Russia's Roads. Last week there was news of a great, new U.S. supply center on the Persian Gulf. Through the Gulf, and then overland by highway and railway, through renamed Persia to Soviet ports and railheads on the Caspian Sea, the U.S. was sending war goods to Stalin's Armies. Aircraft assembled at the Gulf delivery points were flown directly to Russia. And, as it had already done in Eritrea, the U.S. Army was providing supply bases for future U.S. forces in the Middle and Near East.
From the U.S. and Great Britain, Russia still has a North Atlantic route to Archangel. But this is not enough; it imposes heavy convoy burdens, and Archangel is weather-shut most of the winter.
The Crossroads. Vital life lines lead to and through the Indian Ocean. The Germans and the Japanese have not yet choked off those lines, but they are squeezing hard.
Germany has closed the Mediterranean to regular convoys, is driving at the Suez terminus through Libya.

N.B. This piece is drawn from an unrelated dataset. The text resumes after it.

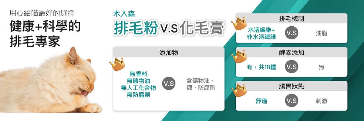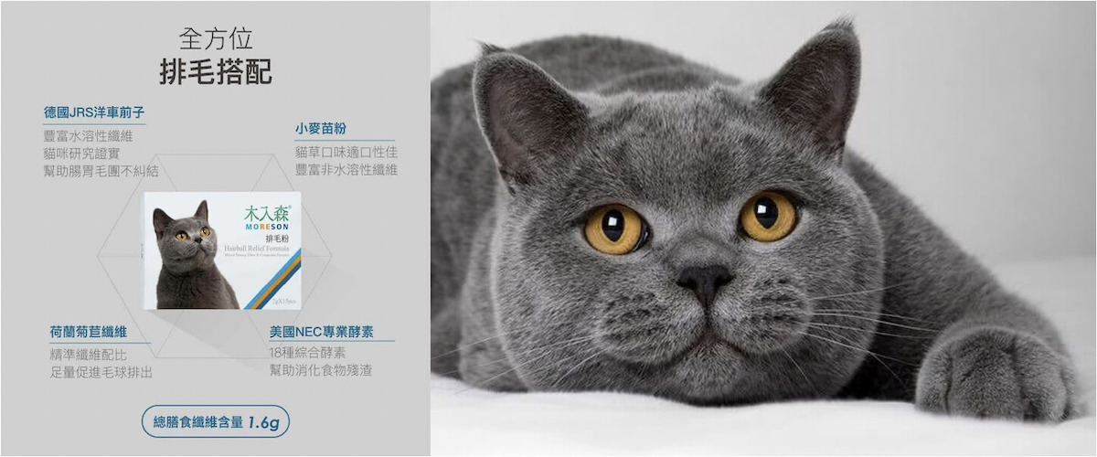 排毛粉銷售第一的木入森,是全市場領先推出三種口味、適口性最佳的排毛粉,以貓咪的腸胃舒適與健康為優先考量,使用德國JRS洋車前子作為先鋒,除了有豐富的水溶性纖維,還有非水溶性纖維,幫助貓咪腸胃毛團不糾結,再搭配荷蘭菊苣纖維、小麥苗粉與美國NEC的18種專業酵素,精研出最適合貓咪效果最優的排毛粉。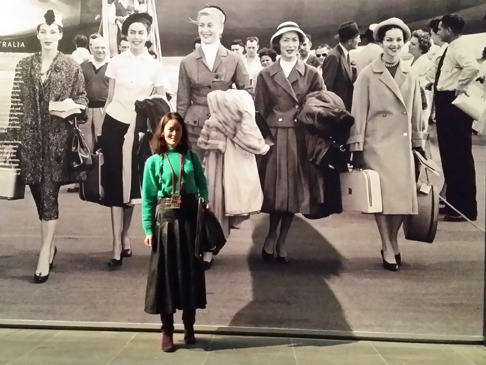 Here’s me trying to look even 1% as chic as some models arriving in Sydney for a showing in 1957 (and failing miserably!).

Its spring threats of action in the Caucasus and through Turkey are also threats to the Indian Ocean and its seaways. The Japanese have narrowed the Axis pincers from the east. If the Axis finally shuts the pincers and controls the Indian Ocean, China's hopes of supplies through Russia and isolated India will vanish; the only remaining feasible routes from the U.S. to the Middle and Near East will be lost. Russia would have to fall back on uncertain, insufficient Arctic routes.
Just off Africa, athwart the only Indian Ocean lanes now reasonably open to the United Nations, lies Vichyfrance's Madagascar. If it became a base for Axis warships, submarines and planes, it would give Japan and/or Germany complete control of the Indian Ocean crossroads. Madagascar in Axis hands would be a disaster comparable to the loss of Singapore.